Terabyte-sized Java Apps Now Possible

ihodes | karma 4377 | avg karma 9.33 · 2010-07-23 11:42:38

Sometimes I feel as though my little, simple, apps' source will end up being a terabyte after packaging all their dependancies. It's a little ridiculous.

Regardless, this seems like it has some pretty powerful implications for big-data processing. The potential integrating this with Clojure somehow, and parallelizing the computation across those 10 (at least) servers with 1TB of memory is pretty astonishing to think about. (Though you don't need Clojure to make it parallel, yes.)

http://www.terracotta.org/ehcache-2.2?src=/index.html for the product itself.

reply

hga | karma 12801 | avg karma 1.47 · 2010-07-23 17:56:33+00:00

What Azul is doing gets you about 3/4s that far with true SMP. They've got their Vega custom hardware, a new x86-64 software only version named Zing (http://www.azulsystems.com/products/zing) and they're pushing an open source version of the foundation (or more) of Zing through the Managed Runtime Initiative (http://news.ycombinator.com/item?id=1491653 and http://www.managedruntime.org/).

And they're listening to people and continuing to work on the latter, e.g. 3 days ago they updated the Linux source code releases. A complete SRPM, particularly for Fedora Core 12, and a kernel patch suitable for auditing and applying to the newer 2.6.34 containing the memory management half with remaining scheduling part to follow: http://lists.managedruntime.org/pipermail/dev/2010-July/0000....

reply

Groxx | karma 17784 | avg karma 2.5 · 2010-07-23 18:33:17+00:00

Key point: terabyte-sized memory pools. Which is quite awesome.

I'd initially thought it referred to terabyte-sized executables. Followed by a "oh great. Now someone's going to make one, and some government's going to want one."

reply

zandorg | karma 1271 | avg karma 0.98 · 2010-07-23 22:37:07+00:00

Don't worry, Adobe's slowly getting there.

gojomo | karma 29822 | avg karma 3.73 · 2010-07-23 14:48:52

And that Terabyte-sized app? "Hello, World!"

strlen | karma 4910 | avg karma 4.11 · 2010-07-23 21:43:08+00:00

An organization could put their entire database into memory, which would reduce the latency of the application by "a couple of orders of magnitude," he said.

That works well until the power goes out (and it does) or the OS (or the JVM) crashes.
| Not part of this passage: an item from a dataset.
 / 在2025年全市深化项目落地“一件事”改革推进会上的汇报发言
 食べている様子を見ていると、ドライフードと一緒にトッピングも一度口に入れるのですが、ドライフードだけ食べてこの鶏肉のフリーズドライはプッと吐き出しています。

Keeping the hot portion of the data cached in memory (and maintaining a smarter cache vs. simple LRU heuristics) without sacrificing durability is still a must for data you care about it.
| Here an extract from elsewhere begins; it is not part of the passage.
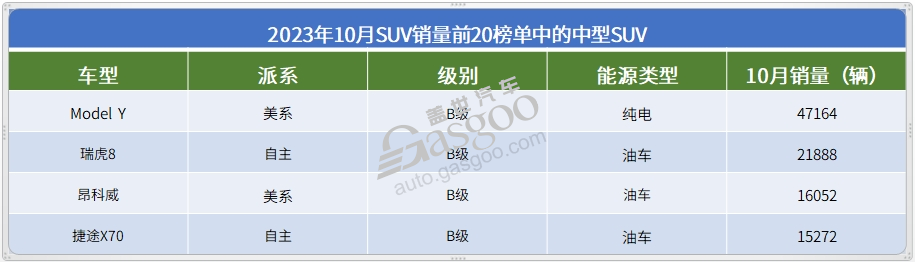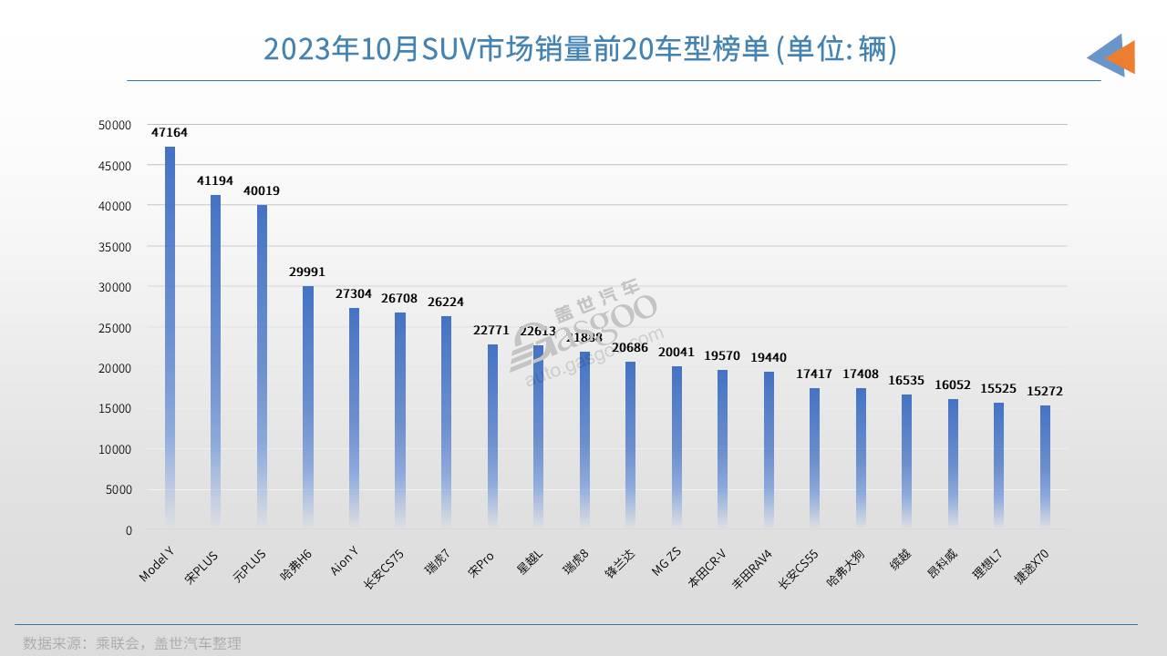 10月SUV市场销量TOP20:新能源市场“大乱斗”,三款车月销超4万辆

You can checkpoint your data to disk and assume you'll never have more data in memory, but that starts to become very expensive when you factor in obsolete versions, replication (to make your system immune to machine failures), logs for recovery.
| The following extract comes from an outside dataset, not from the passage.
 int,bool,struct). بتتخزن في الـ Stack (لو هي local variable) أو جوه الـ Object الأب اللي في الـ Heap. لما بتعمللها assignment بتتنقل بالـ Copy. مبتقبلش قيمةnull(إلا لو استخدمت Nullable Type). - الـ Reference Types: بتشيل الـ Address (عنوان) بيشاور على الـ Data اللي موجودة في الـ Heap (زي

Ultimately there's a lot to be said about the redundance of putting a cache in front of a database. The right thing to do, however, is to build storage systems (that may or may not resemble conventional databases) that integrate caching. I highly suggest reading about LSM trees as used by BigTable (a way to reduce write latency without significantly sacrificing durability) as well as the BigTable paper (for the "keep the hot set in memory, maintain disk persistence" model): ehCache is a useful product, but it's simplistic to say it can replace databases and file systems.

reply

dnsworks | karma 1156 | avg karma 1.85 · 2010-07-24 00:26:52

I'm guessing 10 servers for redundancy? A server with 192GB of memory can be had for about $15k nowadays.